▶ Supplied information
====
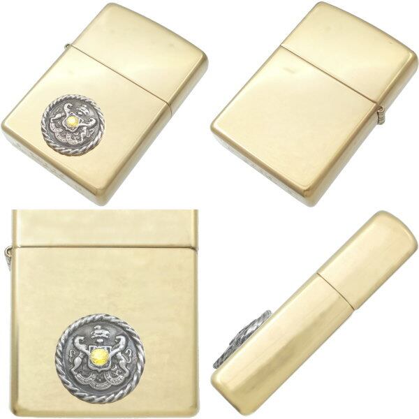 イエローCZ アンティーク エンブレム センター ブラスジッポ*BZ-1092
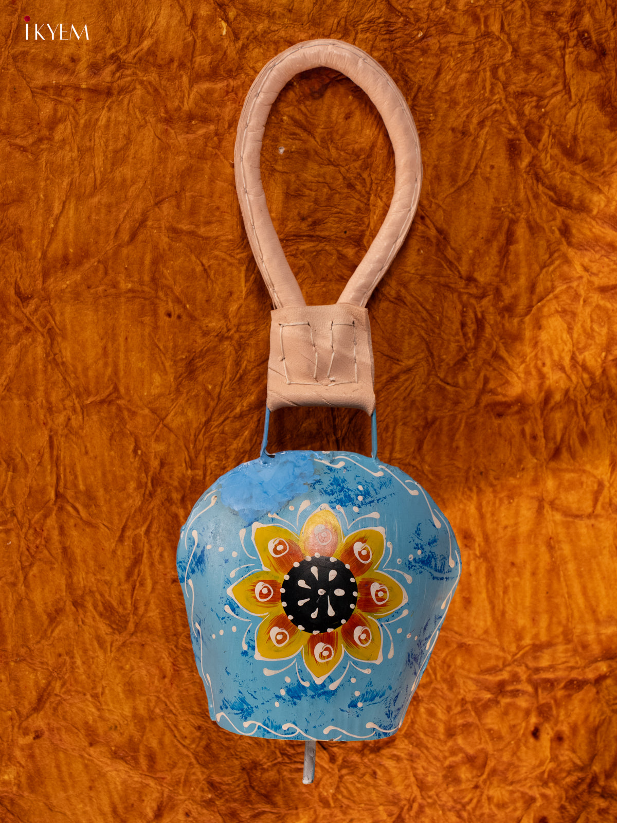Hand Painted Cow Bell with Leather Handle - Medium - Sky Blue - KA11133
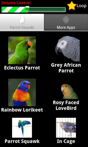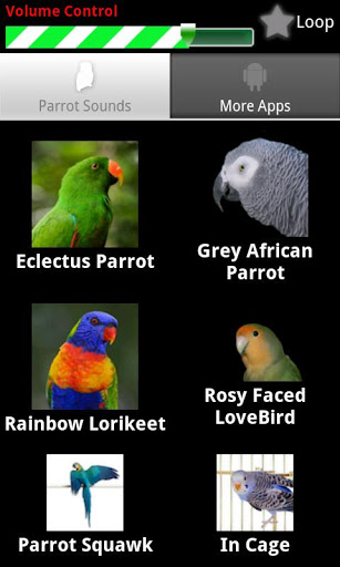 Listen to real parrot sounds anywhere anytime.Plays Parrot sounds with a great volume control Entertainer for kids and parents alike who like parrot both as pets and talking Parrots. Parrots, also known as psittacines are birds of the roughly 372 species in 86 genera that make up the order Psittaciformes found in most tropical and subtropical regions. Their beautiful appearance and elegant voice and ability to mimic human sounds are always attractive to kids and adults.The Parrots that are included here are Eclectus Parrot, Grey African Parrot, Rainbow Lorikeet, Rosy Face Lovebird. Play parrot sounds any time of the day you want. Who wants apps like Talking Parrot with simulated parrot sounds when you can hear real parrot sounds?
====
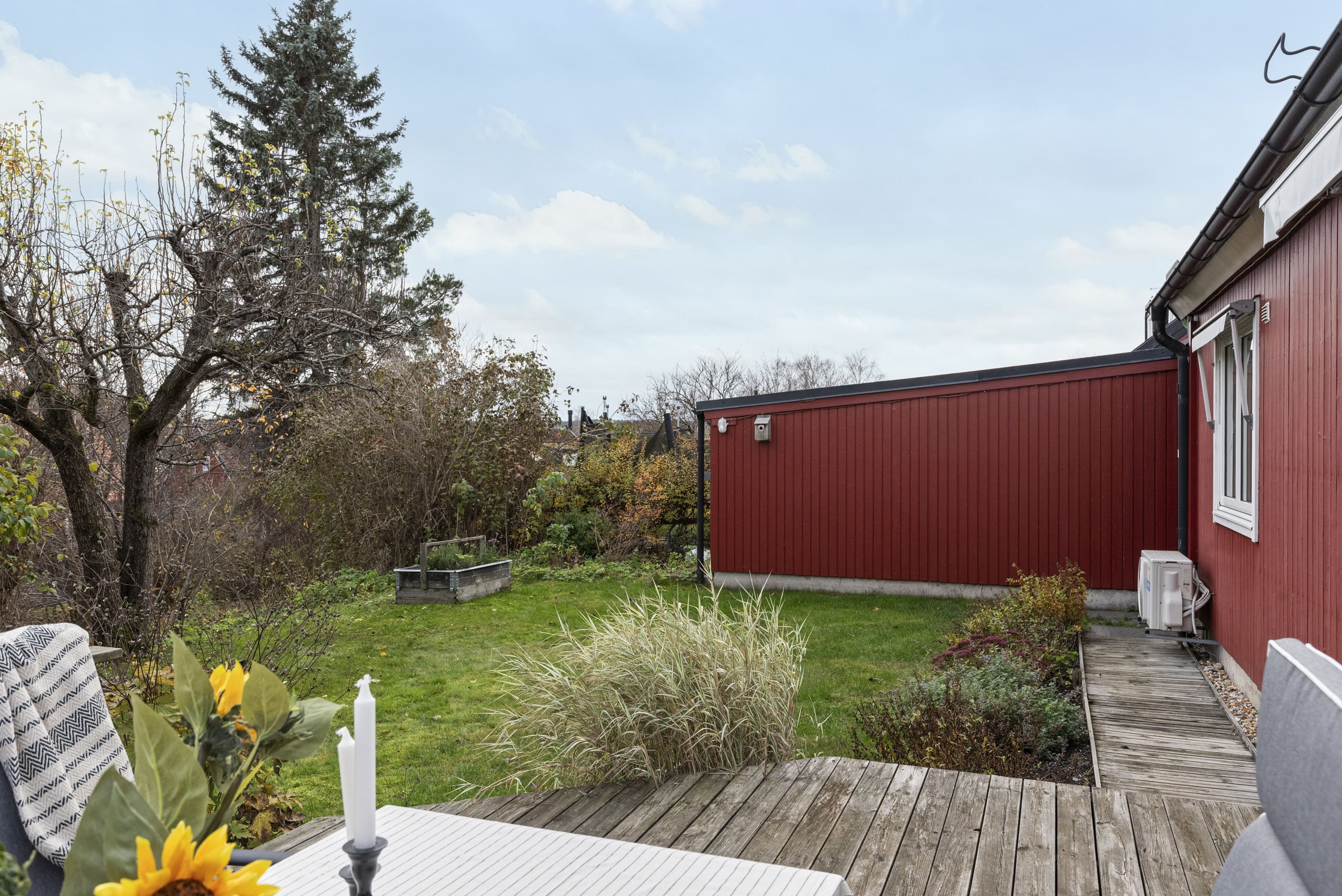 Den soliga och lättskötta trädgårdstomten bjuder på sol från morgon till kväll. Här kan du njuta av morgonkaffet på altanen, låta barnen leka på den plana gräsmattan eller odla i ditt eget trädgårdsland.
====
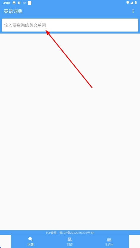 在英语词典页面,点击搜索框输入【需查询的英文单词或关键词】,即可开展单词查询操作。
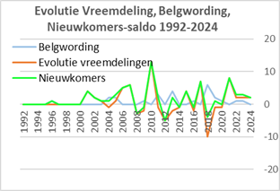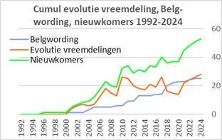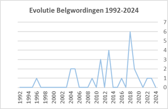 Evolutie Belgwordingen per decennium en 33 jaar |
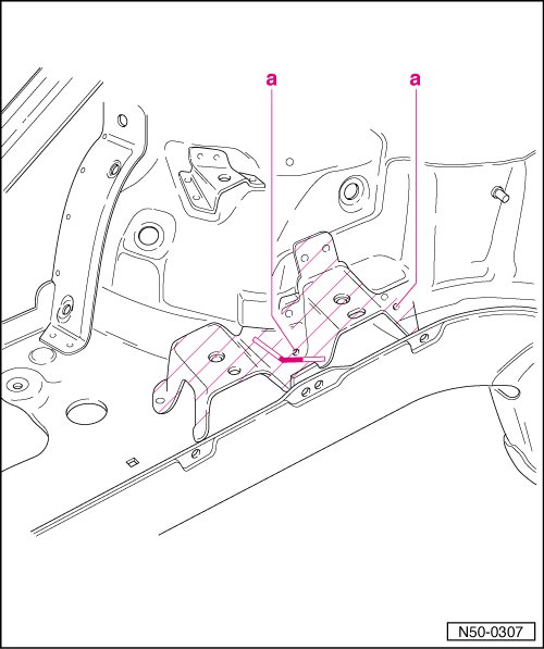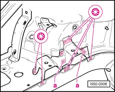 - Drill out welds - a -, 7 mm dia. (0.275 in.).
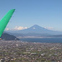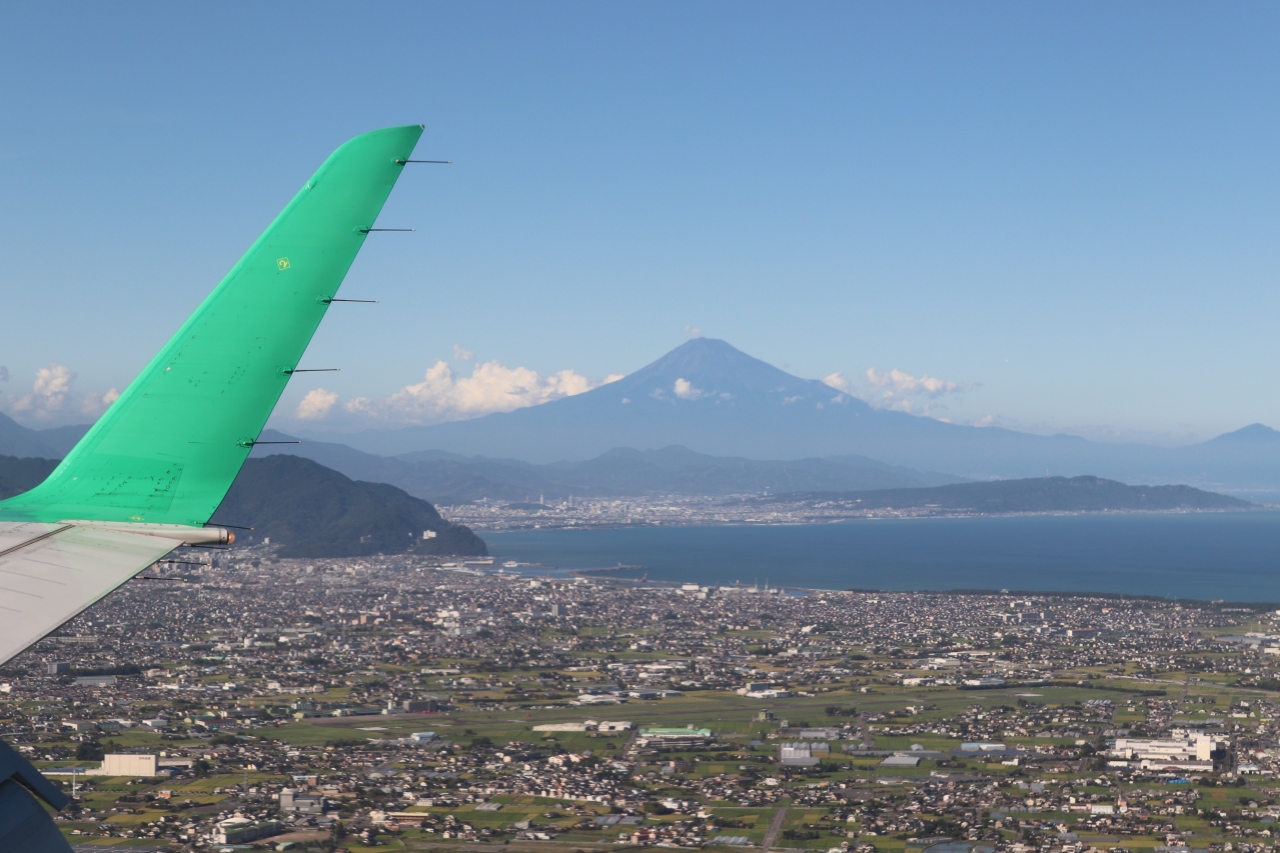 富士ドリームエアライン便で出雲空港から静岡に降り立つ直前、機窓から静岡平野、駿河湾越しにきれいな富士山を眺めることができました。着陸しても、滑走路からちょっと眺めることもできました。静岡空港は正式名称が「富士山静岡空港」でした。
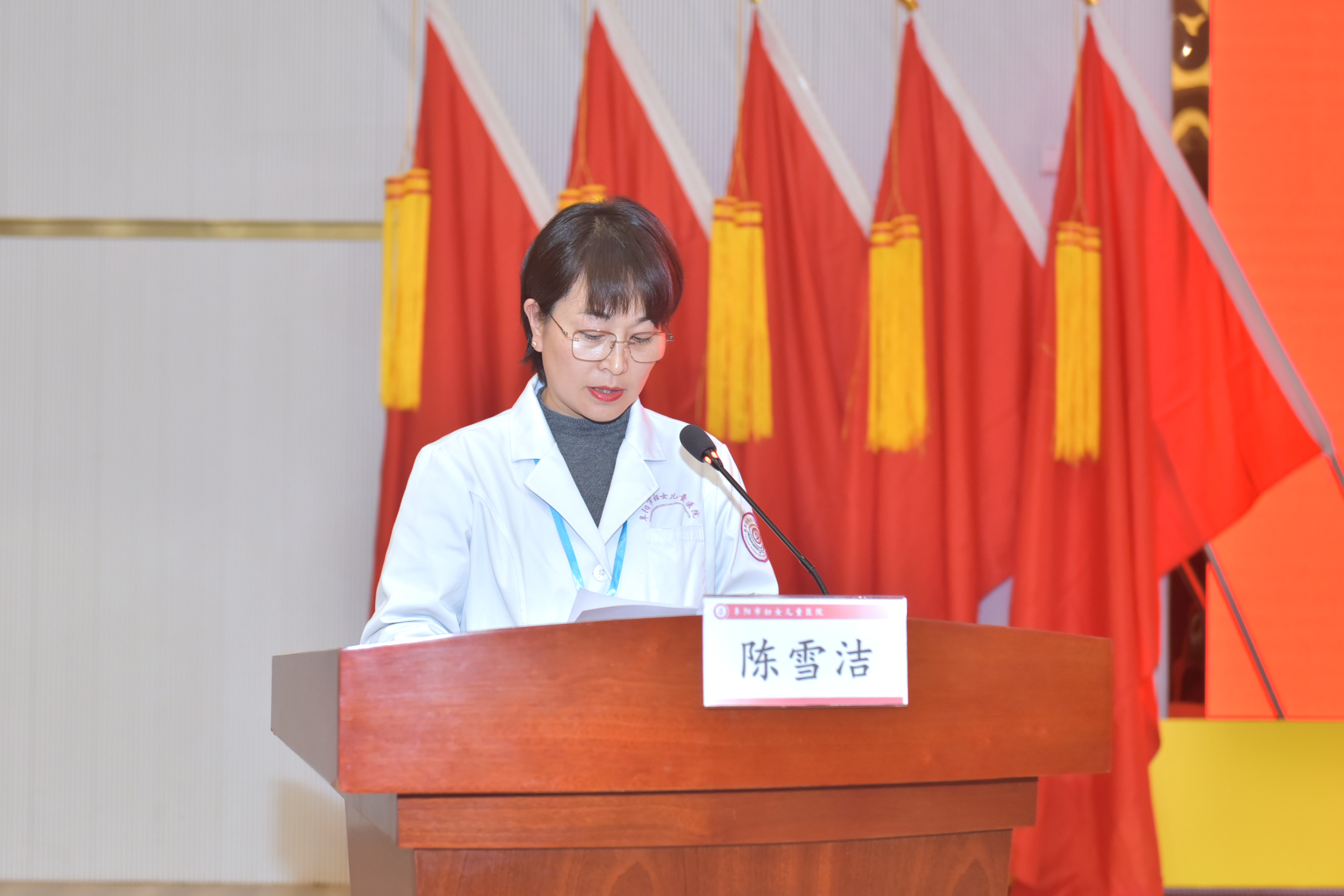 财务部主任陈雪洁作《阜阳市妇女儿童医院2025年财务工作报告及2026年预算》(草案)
====
Using the entries above, reproduce word for word only the lines from the one that contains "富士ドリームエアライン便で出" to the one that contains "财务部主任陈雪洁作《阜阳市妇", both ends included, and drop every picture.

 富士ドリームエアライン便で出雲空港から静岡に降り立つ直前、機窓から静岡平野、駿河湾越しにきれいな富士山を眺めることができました。着陸しても、滑走路からちょっと眺めることもできました。静岡空港は正式名称が「富士山静岡空港」でした。
 财务部主任陈雪洁作《阜阳市妇女儿童医院2025年财务工作报告及2026年预算》(草案)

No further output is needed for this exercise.